• EXERCISE DETAILS: Reproduce the listing in full, exactly as written, but without images.

• EXERCISE INPUTS:
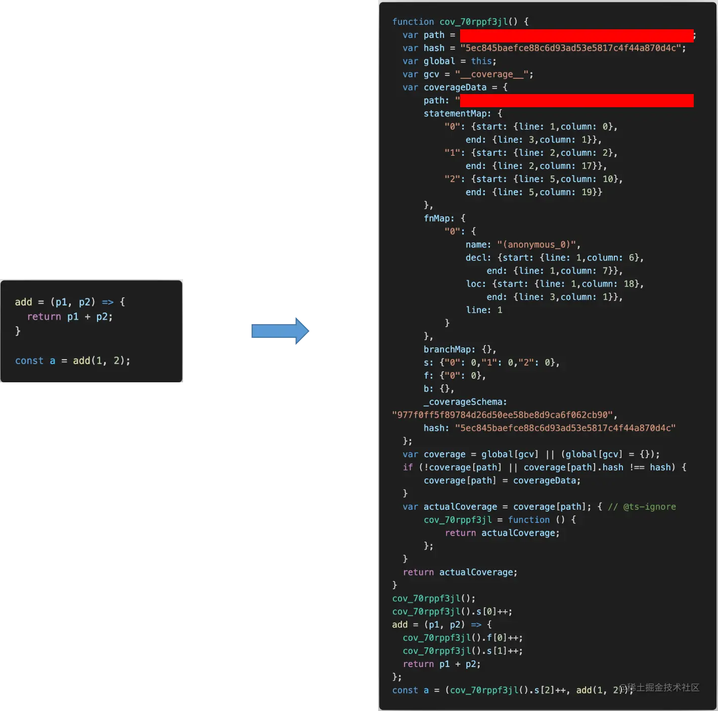使用nyc插桩,插桩后代码与原代码相比,有如下两部分变化:
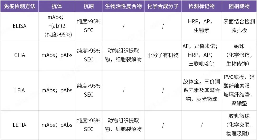 目前常用的免疫檢測方法包括四種:酶聯(lián)免疫吸附試驗(ELISA)、化學(xué)發(fā)光免疫分析(CLIA)、層析免疫分析(LFIA)、乳膠增強比濁免疫分析(LETIA),不同的檢測方法都遵循免疫反應(yīng)的底層原理,即抗原抗體親和反應(yīng),不同檢測方法學(xué)對抗原抗體的應(yīng)用方法不同,所以對抗原抗體的要求也不同。
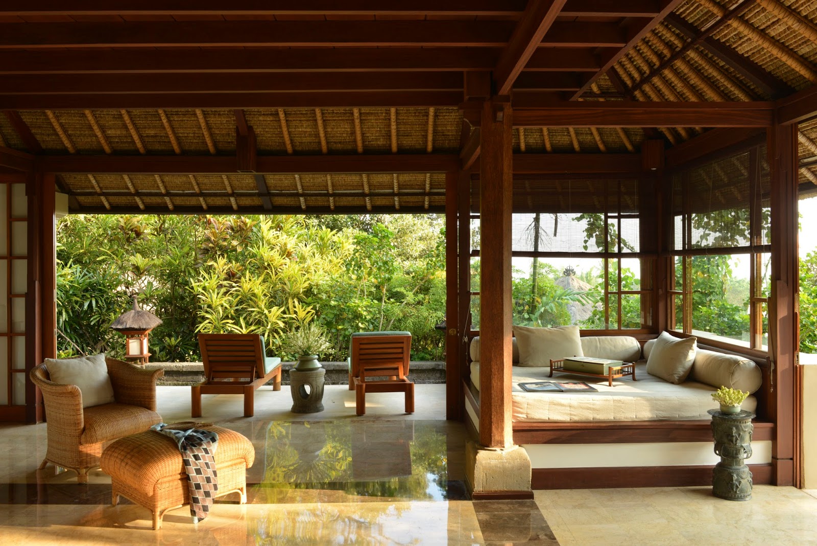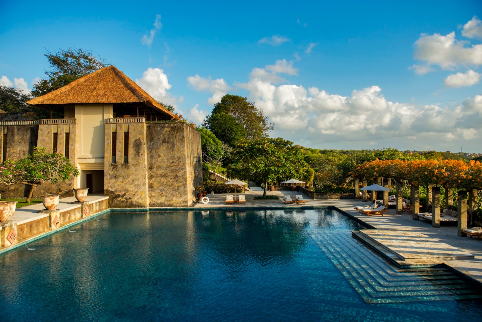 high above the winding Ayung River Gorge and follows the design of a traditional Balinese village with pebbled walkways linking the 30 thatched-roof suites and villa to the restaurant, bar, swimming pool, library, gym and Aman Spa. Amandari provides a unique setting from which to experience the cultural richness of Bali’s artistic centre, as well as its mountainous region to the north.
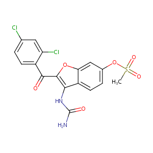 CS(=O)(=O)Oc1ccc2c(NC(=O)N)c(oc2c1)C(=O)c3ccc(Cl)cc3Cl
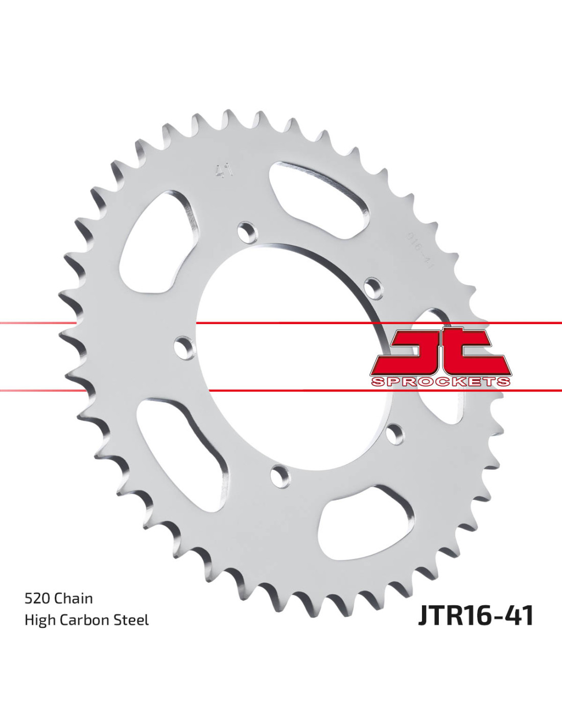 Los piñones y coronas de acero JT se fabrican utilizando acero de alto carbono C49 de la mejor calidad para las coronas y aleación de acero cromado SCM420 para los piñones. La gama de piñones y coronas JT cuenta con más de 2500 modelos para todas las motocicletas y vehículos todo terreno.

• EXERCISE RESULT:
使用nyc插桩,插桩后代码与原代码相比,有如下两部分变化:
 目前常用的免疫檢測方法包括四種:酶聯(lián)免疫吸附試驗(ELISA)、化學(xué)發(fā)光免疫分析(CLIA)、層析免疫分析(LFIA)、乳膠增強比濁免疫分析(LETIA),不同的檢測方法都遵循免疫反應(yīng)的底層原理,即抗原抗體親和反應(yīng),不同檢測方法學(xué)對抗原抗體的應(yīng)用方法不同,所以對抗原抗體的要求也不同。
 high above the winding Ayung River Gorge and follows the design of a traditional Balinese village with pebbled walkways linking the 30 thatched-roof suites and villa to the restaurant, bar, swimming pool, library, gym and Aman Spa. Amandari provides a unique setting from which to experience the cultural richness of Bali’s artistic centre, as well as its mountainous region to the north.
 CS(=O)(=O)Oc1ccc2c(NC(=O)N)c(oc2c1)C(=O)c3ccc(Cl)cc3Cl
 Los piñones y coronas de acero JT se fabrican utilizando acero de alto carbono C49 de la mejor calidad para las coronas y aleación de acero cromado SCM420 para los piñones. La gama de piñones y coronas JT cuenta con más de 2500 modelos para todas las motocicletas y vehículos todo terreno.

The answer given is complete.